Russian Civil War

The Russian Civil War was the most consequential conflict between the World Wars and one of the deadliest in history. It began in October 1917 with the Bolshevik seizure of power in Petrograd and continued until 1922, when the last White and separatist forces were defeated and the Union of Soviet Socialist Republics was formally proclaimed. The war's complexity defies simple narratives.
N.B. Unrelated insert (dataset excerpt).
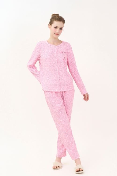 BTD02W5T09-BỘ THUN DÀI VỚI THIẾT KẾ CỔ TRÒN VIỀN ĐIỂM NHẤN NƠ XINH XẮN TẠO CẢM GIÁC NHẸ NHÀNG VÀ NỮ TÍNH.

The principal combatants were the Red Army (the Bolsheviks' military force, built from scratch by Leon Trotsky as People's Commissar of War) against the White Armies — a loose coalition of tsarists, moderate socialists, nationalists, and regional separatists united only by opposition to Bolshevik rule. Complicating the picture were the anarchist forces of Nestor Makhno in Ukraine, the interventionist armies of fourteen Allied countries (Britain, France, Japan, and the United States among them), and the newly independent states of Finland, Estonia, Latvia, Lithuania, Poland, and the Caucasus nations fighting to secure their independence. Trotsky's achievement in building and commanding the Red Army is one of the most remarkable feats of organisation in modern history. In 1918 the Bolsheviks had no functioning military force; by 1920 the Red Army numbered over five million men. Trotsky maintained discipline through a combination of political commissars, exemplary punishment, and the enforced retention of 40,000–50,000 tsarist officers as 'military specialists' whose families were held hostage to ensure loyalty. The war's turning points were the defeat of Admiral Kolchak in Siberia (1919), the failure of General Denikin's advance on Moscow (1919), and the Soviet-Polish War (1919–21) which, despite Soviet defeat at the Battle of Warsaw, exhausted the last major White-aligned force. The war was decided less by military strategy than by the Bolsheviks' control of Russia's population centres, railways, and armaments industry — combined with the Whites' inability to offer a credible alternative to Bolshevik social promises. Total deaths are estimated at 7–12 million, the majority from famine and epidemic disease (particularly typhus) generated by the war's disruption. The famine of 1921–22 alone killed between 5 and 10 million people.